Libanon verslagen na moord op journalist
BEIROET - Libanezen reageren verslagen op de aanslag van maandagmorgen op parlementslid en journalist Gibran Tueni. Net nu de rust in de Libanese hoofdstad leek terug gekeerd en er openlijk over de toekomst van het land wordt gediscussieerd staan de verhoudingen tussen het pro- en anti-Syrische kamp weer op scherp. „We dachten dat het was afgelopen.”
De kerkklokken luiden continu in het christelijke gedeelte van Beiroet. Via de journaals op de radio en televisie worden middenstanders opgeroepen de deuren van de winkels te sluiten. Burgers wordt gevraagd zich klaar te maken om opnieuw de straat op te gaan. Gibran Tueni was erg geliefd en werd alom geprezen voor zijn scherpe commentaar op het buurland.De sfeer in de straten van de hoofdstad is uiterst gespannen. Groepjes jongeren en ouderen verzamelen zich voor het gebouw van An-Nahar -de krant waar Tueni hoofdredacteur was-, gelegen aan het martelarenplein in het centrum van Beiroet. Op dezelfde plaats kwamen afgelopen zomer honderdduizenden mensen bijeen om het vertrek van de Syriërs te eisen.

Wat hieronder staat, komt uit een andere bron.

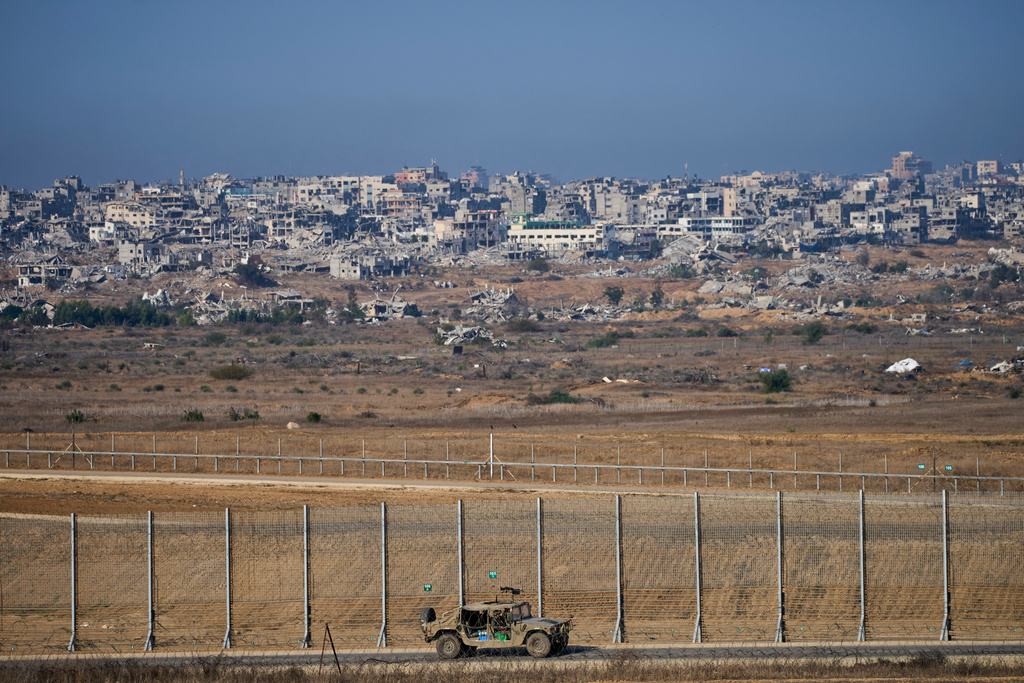 An Israeli army vehicle moves along the border of the Gaza strip, as seen from a southern Israel location on Nov 18, 2025. (PHOTO / AP)

„We dachten dat het voorbij was”, vertelt Dimitri Khodr, regisseur van de Libanese nieuwszender New-tv. „Tueni was altijd kritisch over Syrië, maar wie had dit verwacht? Dit is het bewijs dat de Syriërs nog steeds bepalen wat er gebeurt in Libanon.”
Naarmate de dag vordert druppelen de gruwelijkste details over de aanslag naar buiten. Opnieuw was het een perfect getimede bom die de auto van het parlementslid trof. Zijn auto -waarin naast Tueni nog drie anderen zaten- werd meters ver de lucht in geblazen. Diverse andere auto’s en gebouwen in de omgeving zijn zwaar beschadigd.
Na de zogenaamde cederrevolutie van afgelopen zomer werd Tueni in het Libanese parlement gekozen. Als lid van een invloedrijke familie en in zijn functie als hoofdredacteur van dagblad An-Nahar nam hij jarenlang geen blad voor zijn mond als het om het buurland ging. Ook werd An-Nahar regelmatig als spreekbuis door de Syrische oppositie gebruikt, tot ergernis van Damascus. Nadat in mei dit jaar columnist Samir Kassir werd opgeblazen intensiveerde de kritiek. Tueni werd met de dood bedreigd en dook samen met andere kopstukken van de oppositie de gehele zomer onder in Europa.
„Ze proberen ons klein te krijgen, maar het zal ze niet lukken. Nooit!” roept een woedende journalist Jousef Yasbik van An-Nahar. „We leven in een dictatuur eerste klas en dit soort aanslagen zullen doorgaan totdat de internationale gemeenschap ons helpt”, aldus de journalist. Het zijn vooral de christenen in Libanon die de tol betalen voor de Syrische terugtrekking. Sinds de aanslag op oud-premier Rafik al-Hariri zijn er in totaal veertien mysterieuze ontploffingen geweest, alle gericht op christelijke doelen of prominenten. Tot op heden zijn er nauwelijks verdachten gearresteerd door de Libanese autoriteiten.
De aanslag komt op een zeer delicaat moment. Gisteren verscheen ook de tweede versie van het VN-rapport over de moord op Hariri. In dit nieuwe rapport wordt wederom met de beschuldigende vinger naar hoge Libanese en Syrische functionarissen gewezen. Ondanks alle beschuldigingen blijft Syrië bij hoog en laag volhouden dat het onschuldig is.
Momenteel verdenkt de VN-commissie onder leiding van de Duitse aanklager Detlev Mehlis negentien mensen van betrokkenheid bij de moord op Hariri. Onder hen zijn vier prominente Libanese generaals en vijf vooraanstaande Syrische functionarissen. Volgens twee getuigen zijn alle documenten van de Syrische inlichtingendiensten over Libanon vernietigd. Een andere getuige heeft verklaard dat Syrische en Libanese inlichtingenofficieren speciale agenten rekruteerden om Hariri te vermoorden.
In een verklaring vandaag voor het Syrische persbureau SANA ontkende de Syrische president Bashar al-Assad dat zijn land ook maar iets met de aanslag op Tueni te maken heeft. Volgens Assad is de aanslag op Tueni het „zoveelste poging van criminelen” om Damascus in een kwaad daglicht te stellen. Dit weekeinde zei de Syrische leider dat elke Syriër die betrokken is bij de aanslagen in Libanon zijn straf niet zal ontlopen.